The real worry concerning the China Evergrande default drama is the inevitable where-there’s-smoke-there’s-fire paranoia that accompanies debt stumbles.

The most worrisome such blaze, say analysts at Goldman Sachs, is surging local government debt levels that President Xi Jinping’s men have done their best to hide. The default troubles at the globe’s most indebted property development seem like small embers compared to the $8.2 trillion worth of local government financing vehicles outstanding.

And that’s just the LGFVs we know of. The data that Goldman’s Maggie Wei highlights is as of the end of 2020. Clearly, the tally is higher now—perhaps markedly. Ten months ago, these shadowy investment schemes had reached 53 trillion yuan, up from 16 trillion yuan, or $2.47 trillion, in 2013. They now amount to roughly 52% of China’s gross domestic product, topping the official amount of outstanding government debt.

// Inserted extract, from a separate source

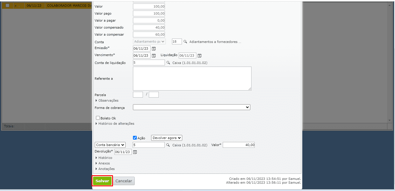 4) Clique no botão verde “Salvar” para efetivar a devolução.

In other words, as scary at the $300 billion Evergrande story might be, Xi’s government has much bigger problems on its hands. The most acute: keeping GDP this year from falling too far below the 6% Beijing hoped to produce without adding to the nation’s bubble troubles.

The forces behind local governments sitting on financing-vehicle debt worth twice the size of Germany’s GDP date back to 2008. Even before the Lehman Brothers crisis, Communist Party dynamics encouraged municipal borrowing binges. The way local officials got attention in Beijing—and rose to national prominence—was producing above-average GDP rates.